= Fields of Action =

Board game

The initial board setup.

Fields of Action is an abstract strategy board game for two players.

==Description==
===Components===
- any 8x8 board such as a checkers or chess board. Alternating colors of squares do not have any effect on the game.
- 24 checkers or counters, 12 each of two colors, each set numbered 1 to 12

===Setup===
The checkers are placed on the board in a specific pattern.

===Gameplay===
"Black" moves first, and then play alternates.
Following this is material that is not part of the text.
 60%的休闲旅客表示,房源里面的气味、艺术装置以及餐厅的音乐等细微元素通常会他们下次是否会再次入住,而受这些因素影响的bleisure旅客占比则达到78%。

The active player can move one piece using the following rules:
- A piece can be moved forward, backward or diagonally in one direction a number of squares equal to the number of other counters of both sides that are adjacent to it, as long as it does not end its turn on a friendly counter.
- If a piece has no pieces adjacent to it, it can be moved any number of squares in one direction such that it ends its turn in an empty square that is adjacent to at least two other pieces of either color.
If a piece ends its turn on top of an enemy counter, the enemy counter is removed from play.

===Victory conditions===
The game can be won in one of two ways:
- A player captures five counters that are numbered sequentially, such as 5-6-7-8-9. The pieces do not have to be captured in sequential order.
- A player's opponent can make no legal moves.

==Publication history==
In his 1969 book A Gamut of Games, Sid Sackson described the abstract strategy game Lines of Action (LOA) designed by Claude Soucie. In 1982, LOA and a variation by Sackson titled Field of Action appeared in the German games magazine Spielbox. An English version of Fields of Action was published in the February-March 1989 issue of Games, and also published in R. Wayne Schmittberger's 1992 book New Rules for Classic Games.